Provided data below:

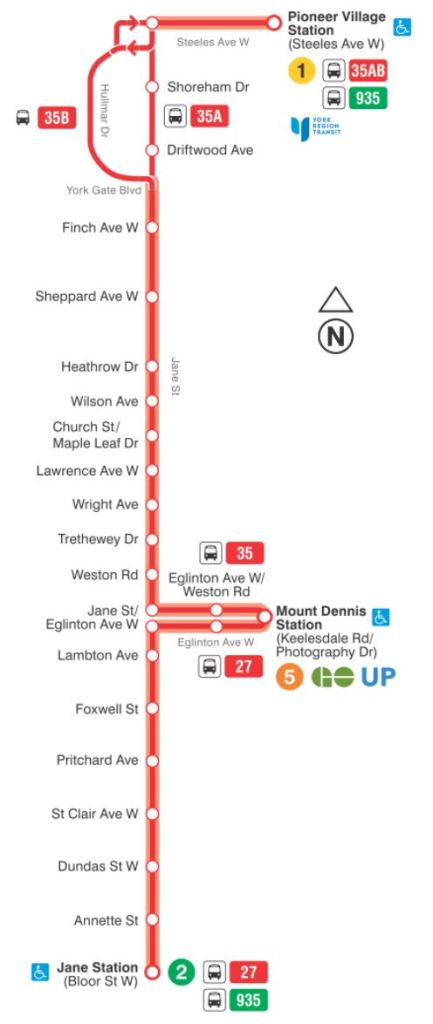 - 935 Jane Express: The express service on Jane will continue to run between Jane Station and Steeles, and it will not divert to Mount Dennis Station.
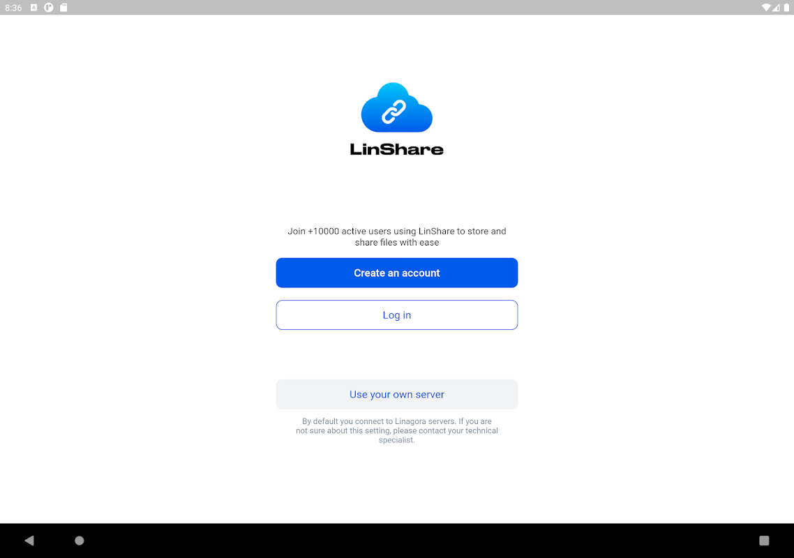 Người dùng tại chỗ vẫn có thể sử dụng ứng dụng di động LinShare bằng cách kết nối với bất kỳ phiên bản nào của máy chủ LinShare. Để đăng nhập, chỉ cần sử dụng URL máy chủ của bạn.
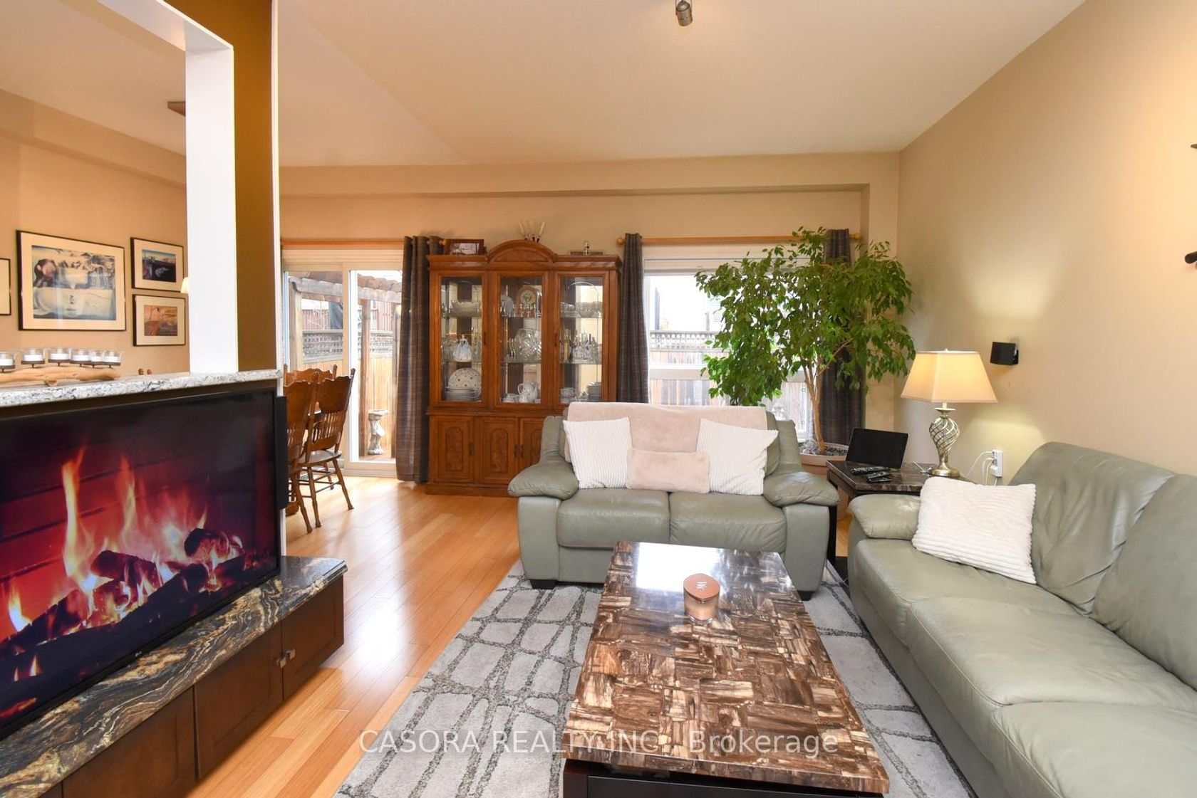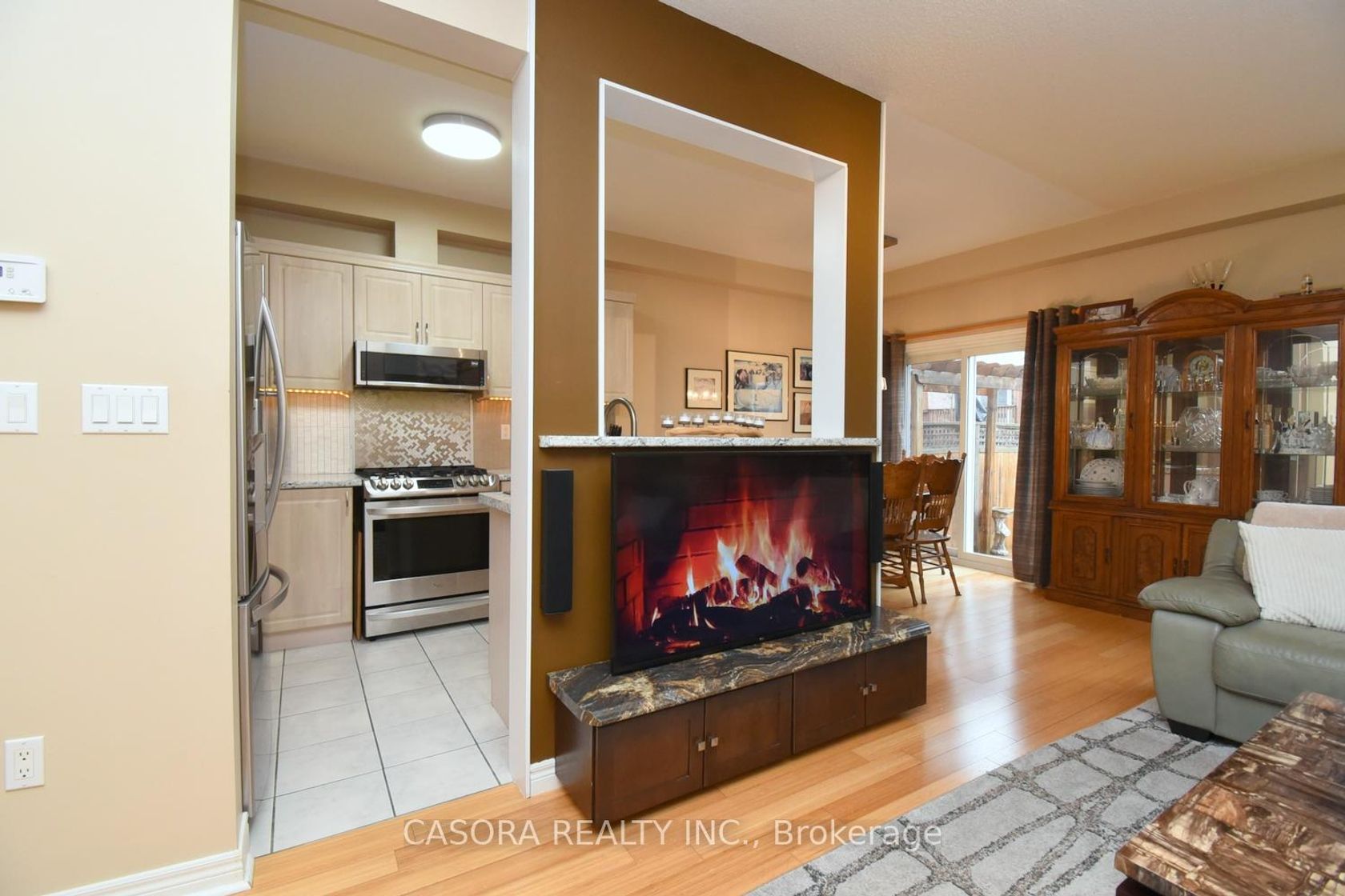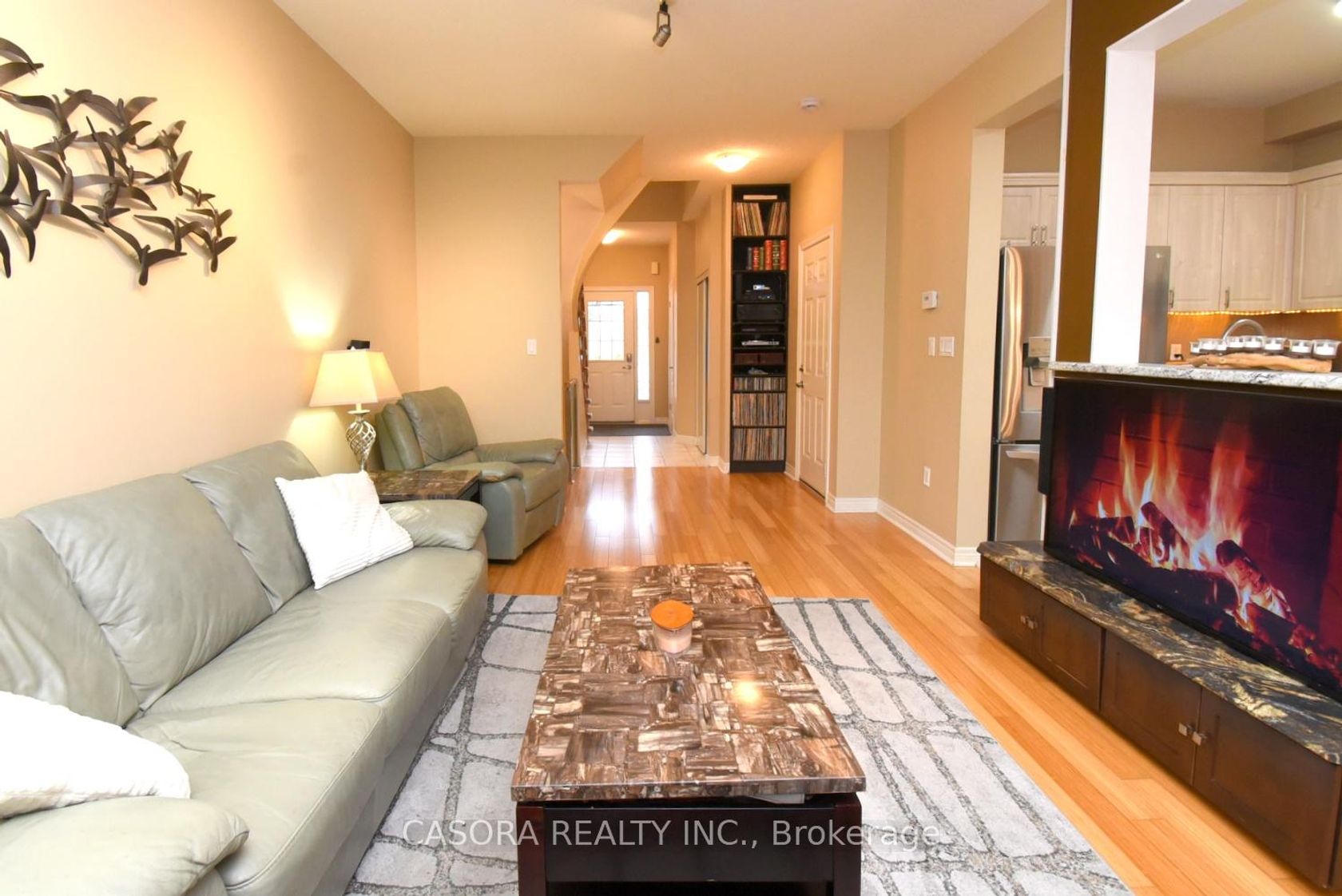 This magnificent townhome offers features normally found in far more expensive home. Open concept main level with hardwood floors, built-ins to house stereo and tv components (TV is included). Patio door to full deck with natural gas connection for barbeque. Gas stove in kitchen (electric connection also available). The upper level also offer hardwood throughout, including the open office area and 3 generous bedrooms. The primary bedroom includes a full ensuite and walk-in closet plus an electric fireplace and tv upgrade. The second bedroom offers a built-in desk and gaming table that allows for a comprehensive system setup. TV's in all three bedrooms are included. The entire family will enjoy the lower level which is fully finished with a 3 piece bathroom, and Home Theatre with roll down screen, surround sound and built-in bar.
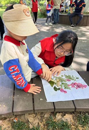 活动的第一个环节——“植物拓印”,志愿者帮助孩子粘贴植物,引导小朋友们更好地使用工具完成植物拓印,完成拓印的小朋友们相互欣赏对方的作品,并简单交流了画面布局和设计思路,这个环节激起了孩子们的探索欲,同时让孩子们领悟了大自然的神奇。
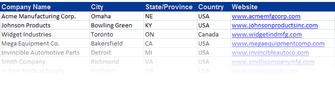 The basic website statistics program can tell you how many visitors you have and the country they are from, but does it tell you the company name, website and what city, state/province they are located in? Shattered Stats is a service that does just that, and it's perfect for the manufacturing industry and other businesses that provide products and services to mid-sized or large companies. We can pinpoint the company name, precise location (within a 25 mile radius) and company website of visitors to your site. Not all visitors can be traced, however on average approx. 7-10% of them can. So if your site gets 2000 unique visitors per month, that's as many as 200 pre-qualified leads for your sales team to follow! In addition to generating leads, we can sometimes even tell if your competition is spying on you. Below is an example of the information you'll get with Shattered Stats: |
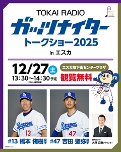 【TOKAI RADIO】中日ドラゴンズ 橋本侑樹・吉田聖弥 出演の「ガッツナイター トークショー」12/27(土)名古屋・エスカで開催 観覧無料

End of Provided data.

[About this exercise] Copy the records above exactly, leaving out every picture.

[Reply to the exercise]
 - 935 Jane Express: The express service on Jane will continue to run between Jane Station and Steeles, and it will not divert to Mount Dennis Station.
 Người dùng tại chỗ vẫn có thể sử dụng ứng dụng di động LinShare bằng cách kết nối với bất kỳ phiên bản nào của máy chủ LinShare. Để đăng nhập, chỉ cần sử dụng URL máy chủ của bạn.
 This magnificent townhome offers features normally found in far more expensive home. Open concept main level with hardwood floors, built-ins to house stereo and tv components (TV is included). Patio door to full deck with natural gas connection for barbeque. Gas stove in kitchen (electric connection also available). The upper level also offer hardwood throughout, including the open office area and 3 generous bedrooms. The primary bedroom includes a full ensuite and walk-in closet plus an electric fireplace and tv upgrade. The second bedroom offers a built-in desk and gaming table that allows for a comprehensive system setup. TV's in all three bedrooms are included. The entire family will enjoy the lower level which is fully finished with a 3 piece bathroom, and Home Theatre with roll down screen, surround sound and built-in bar.
 活动的第一个环节——“植物拓印”,志愿者帮助孩子粘贴植物,引导小朋友们更好地使用工具完成植物拓印,完成拓印的小朋友们相互欣赏对方的作品,并简单交流了画面布局和设计思路,这个环节激起了孩子们的探索欲,同时让孩子们领悟了大自然的神奇。
 The basic website statistics program can tell you how many visitors you have and the country they are from, but does it tell you the company name, website and what city, state/province they are located in? Shattered Stats is a service that does just that, and it's perfect for the manufacturing industry and other businesses that provide products and services to mid-sized or large companies. We can pinpoint the company name, precise location (within a 25 mile radius) and company website of visitors to your site. Not all visitors can be traced, however on average approx. 7-10% of them can. So if your site gets 2000 unique visitors per month, that's as many as 200 pre-qualified leads for your sales team to follow! In addition to generating leads, we can sometimes even tell if your competition is spying on you. Below is an example of the information you'll get with Shattered Stats: |
 【TOKAI RADIO】中日ドラゴンズ 橋本侑樹・吉田聖弥 出演の「ガッツナイター トークショー」12/27(土)名古屋・エスカで開催 観覧無料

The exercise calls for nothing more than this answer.